> [ABOUT THIS EXERCISE] Copy out the data in full and exactly, passing over the pictures.

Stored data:
######
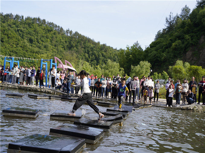 “整個(gè)五一,我們的停車場(chǎng)始終是滿載狀態(tài),每天近千人來這里游玩,我們這兒的老百姓在村委和縣文旅集團(tuán)的指導(dǎo)下,有開農(nóng)家菜館的,有路邊練攤的,還有就地入職工作的,我們村真的好久沒這么熱鬧了。”土槽村支書謝雙定感慨道。
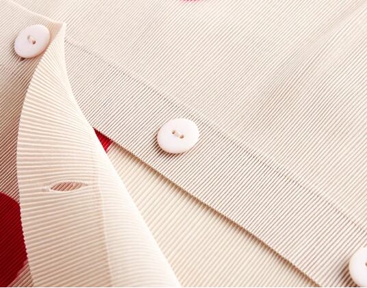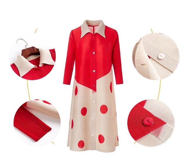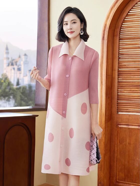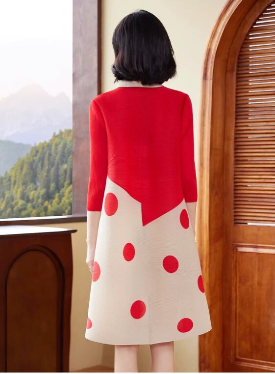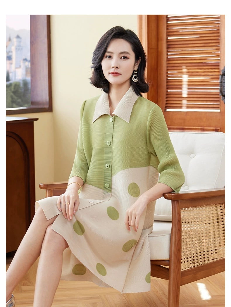 ラペルシングルブレストコントラスト水玉プリントプリーツドレス、女性通勤ファッション、ミヤケセレブ気質シャツドレス
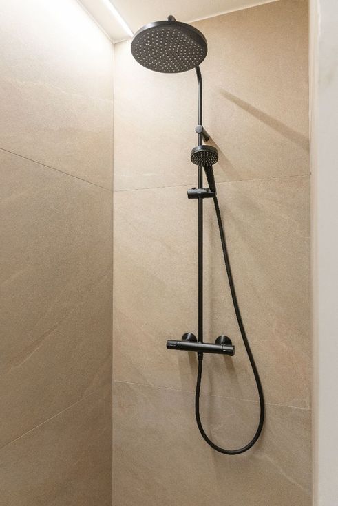 De badkamer straalt luxe uit met een dubbele wastafel, een handdoekradiator en een ruime betegelde inloopdouche, waar comfort en stijl samenkomen.
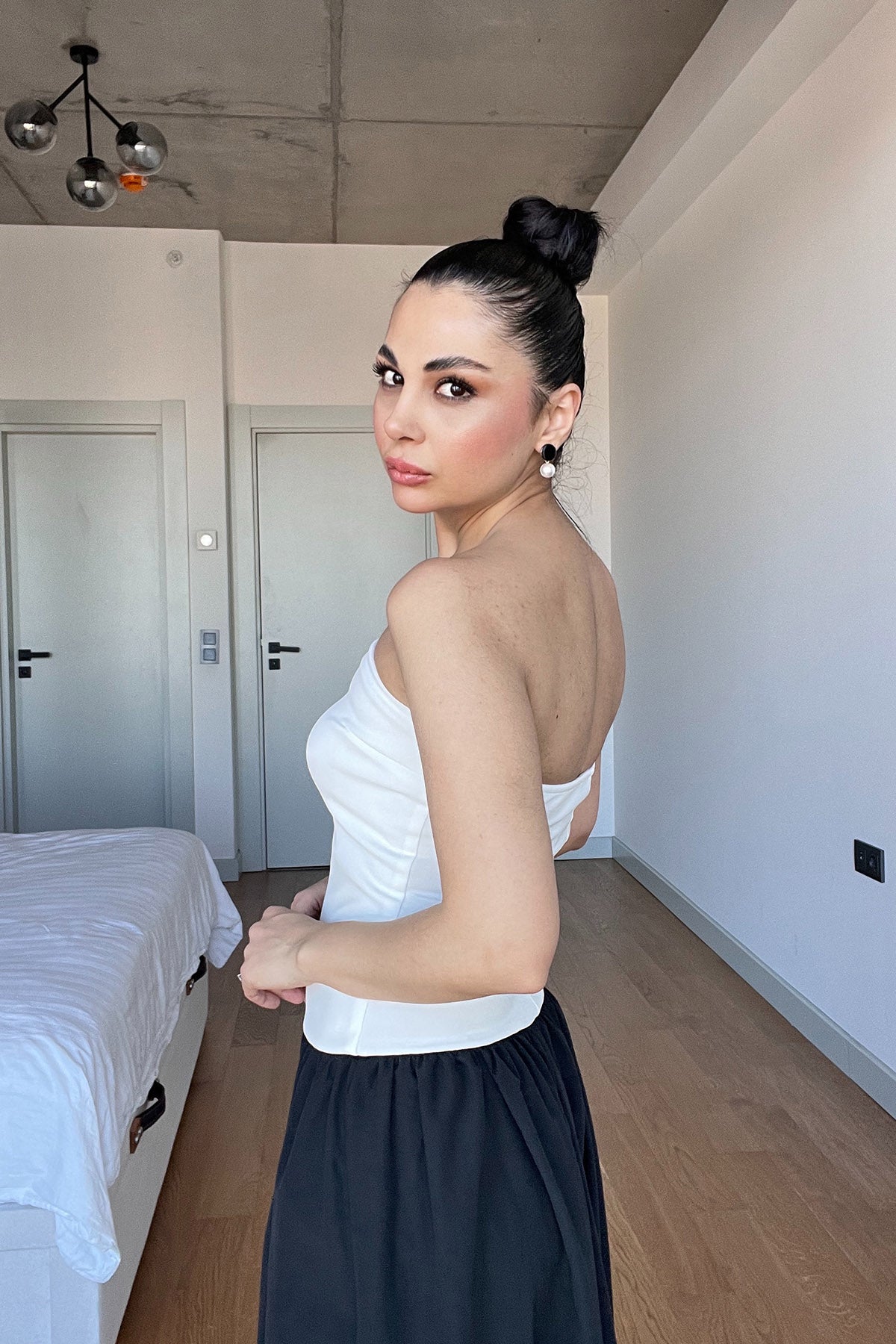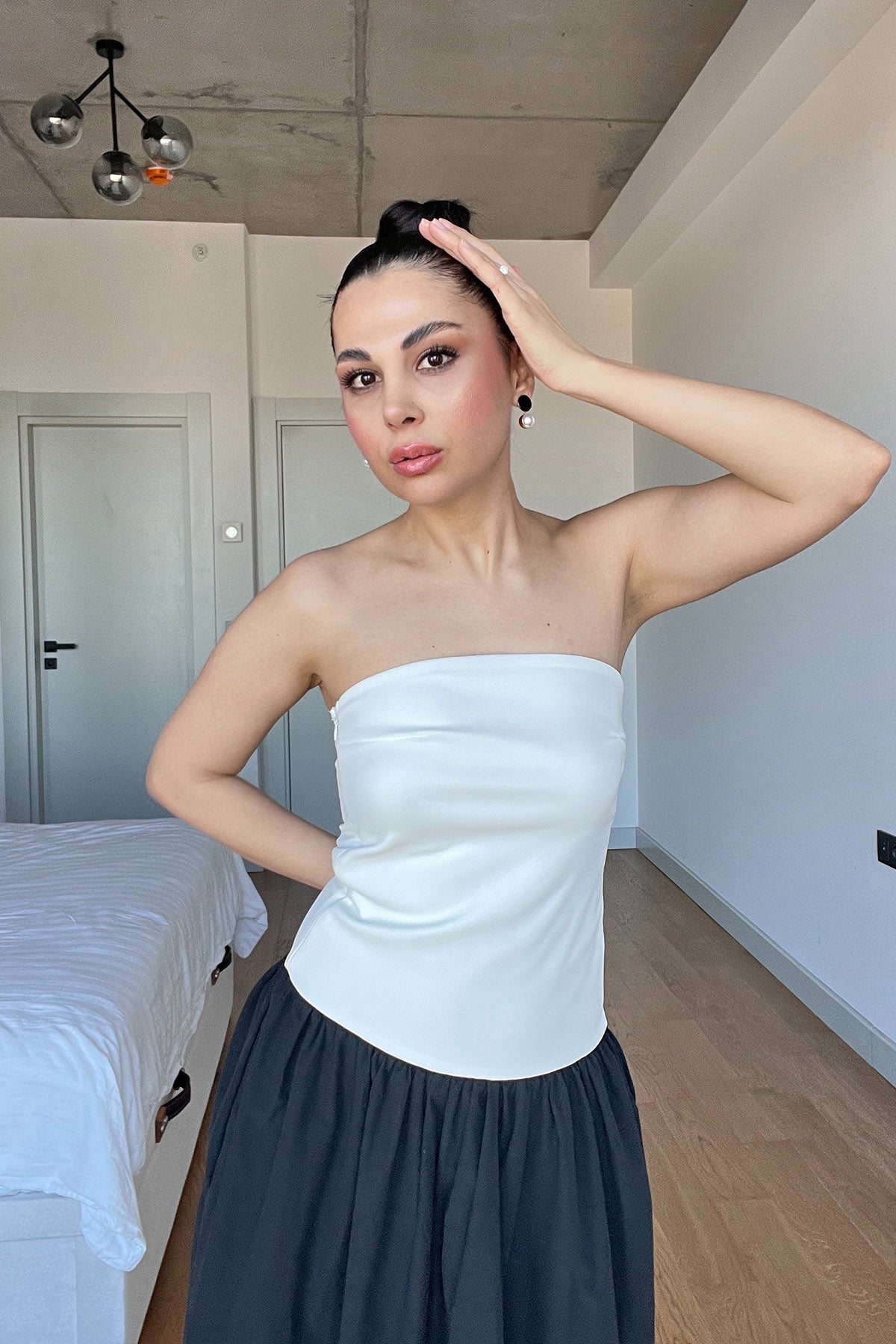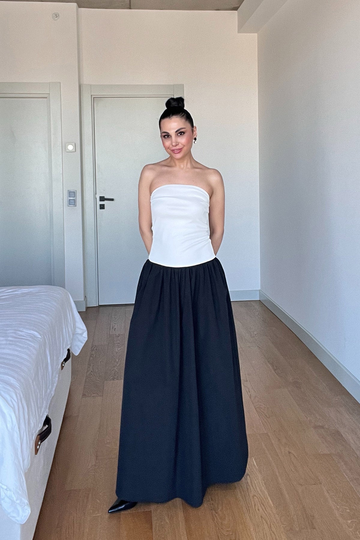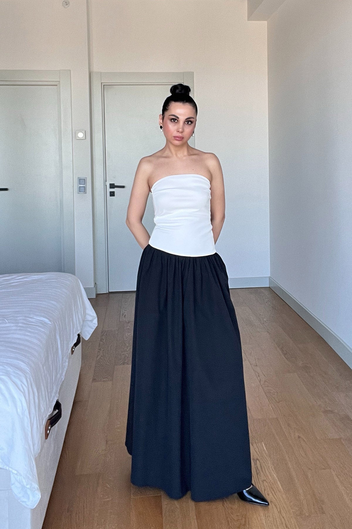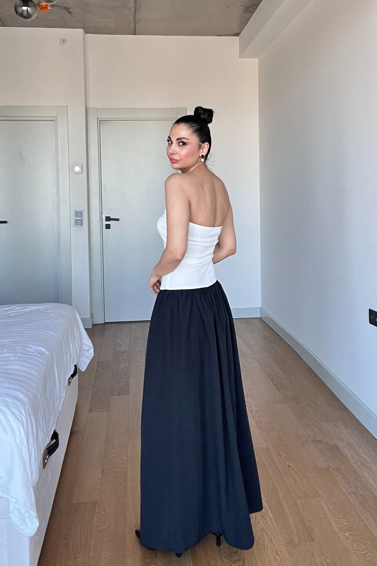 Siyah Poplin Üstü Beyaz Straplez Uzun Elbise SY-3019-Beyaz
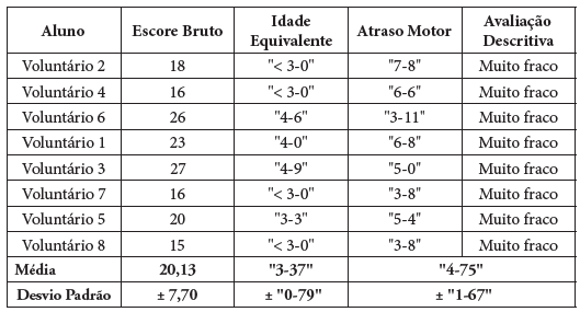 Em relação aos valores do subteste de controle de objetos todos os participantes apresentaram uma avaliação do desenvolvimento motor muito fraca (Tabela 4). A média do escore bruto foi de 20,12 pontos sendo que os valores desta avaliação se encontram entre 0 e 44 pontos. A média da idade equivalente dos participantes foi de 3,37 anos e a média do atraso motor foi de 4,75 anos.
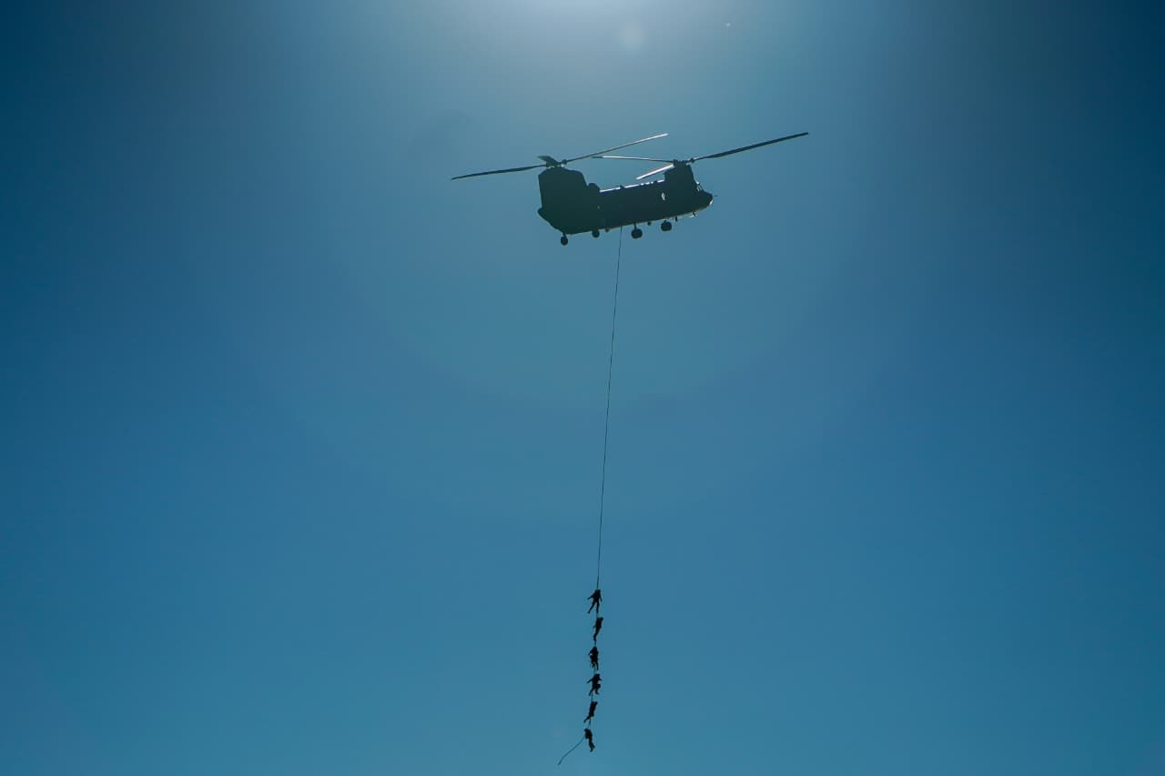● Εκκένωση προσωπικού με χρήση SPIES (Special Patrol Insertion/Extraction System) και απομάκρυνση λέμβου με είσοδο εντός ελικοπτέρου CH-47.
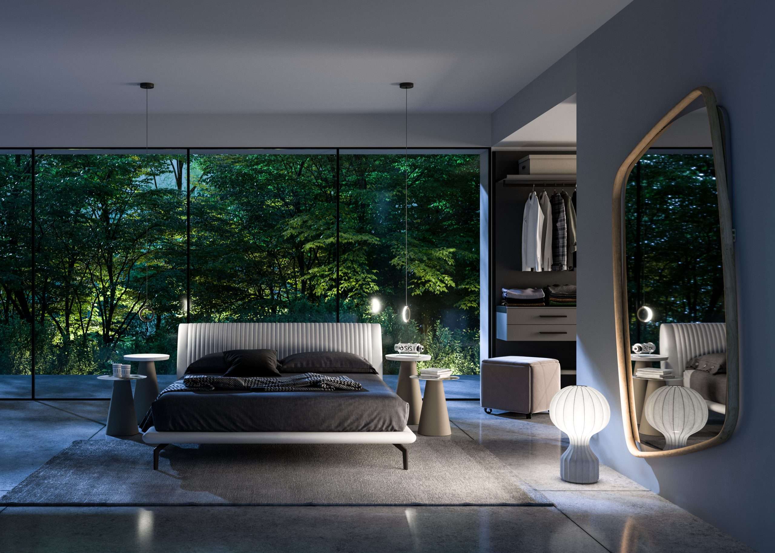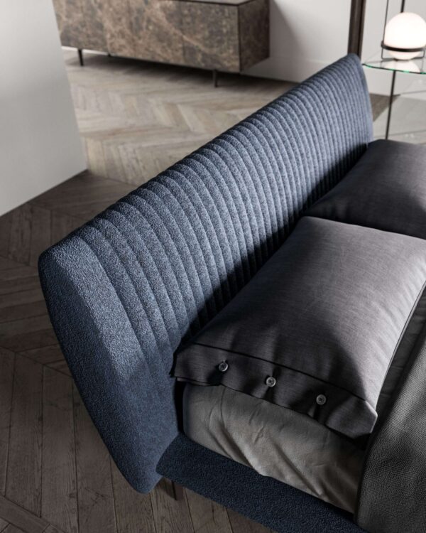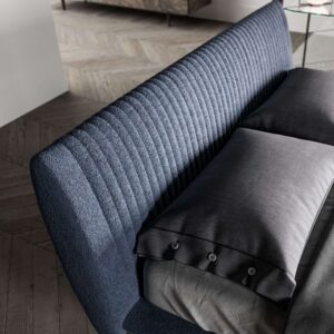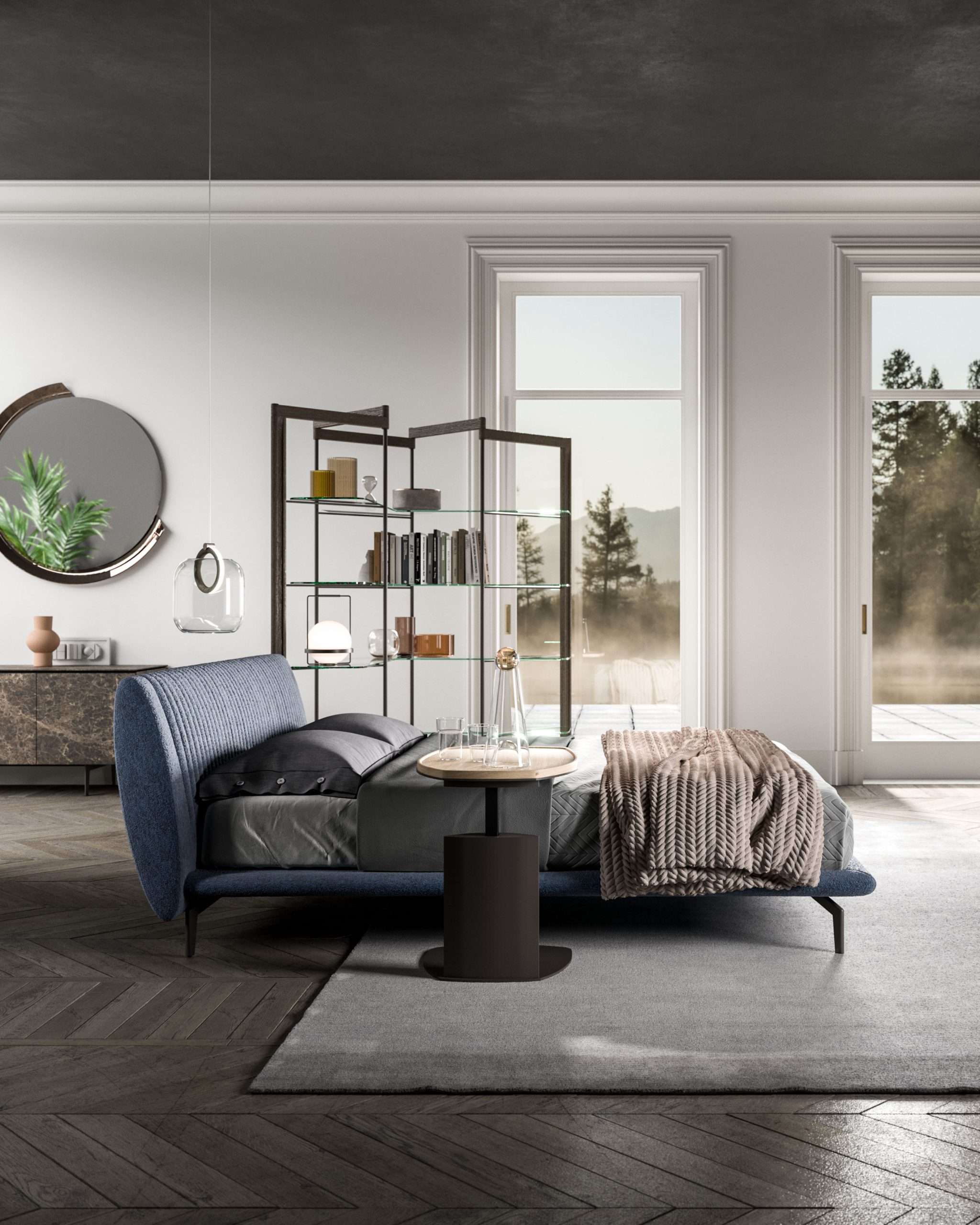 A nostalgic leap into the past with a textile bed with an informal and comfortable style. A slim profile and a headboard with delicate stitching that, creating a slight bulge, enhance its softness. An ideal design complement to place in the center of the room thanks to its unmistakable tailoring craftsmanship.
######
> [OUTPUT]
 “整個(gè)五一,我們的停車場(chǎng)始終是滿載狀態(tài),每天近千人來這里游玩,我們這兒的老百姓在村委和縣文旅集團(tuán)的指導(dǎo)下,有開農(nóng)家菜館的,有路邊練攤的,還有就地入職工作的,我們村真的好久沒這么熱鬧了。”土槽村支書謝雙定感慨道。
 ラペルシングルブレストコントラスト水玉プリントプリーツドレス、女性通勤ファッション、ミヤケセレブ気質シャツドレス
 De badkamer straalt luxe uit met een dubbele wastafel, een handdoekradiator en een ruime betegelde inloopdouche, waar comfort en stijl samenkomen.
 Siyah Poplin Üstü Beyaz Straplez Uzun Elbise SY-3019-Beyaz
 Em relação aos valores do subteste de controle de objetos todos os participantes apresentaram uma avaliação do desenvolvimento motor muito fraca (Tabela 4). A média do escore bruto foi de 20,12 pontos sendo que os valores desta avaliação se encontram entre 0 e 44 pontos. A média da idade equivalente dos participantes foi de 3,37 anos e a média do atraso motor foi de 4,75 anos.
● Εκκένωση προσωπικού με χρήση SPIES (Special Patrol Insertion/Extraction System) και απομάκρυνση λέμβου με είσοδο εντός ελικοπτέρου CH-47.
 A nostalgic leap into the past with a textile bed with an informal and comfortable style. A slim profile and a headboard with delicate stitching that, creating a slight bulge, enhance its softness. An ideal design complement to place in the center of the room thanks to its unmistakable tailoring craftsmanship.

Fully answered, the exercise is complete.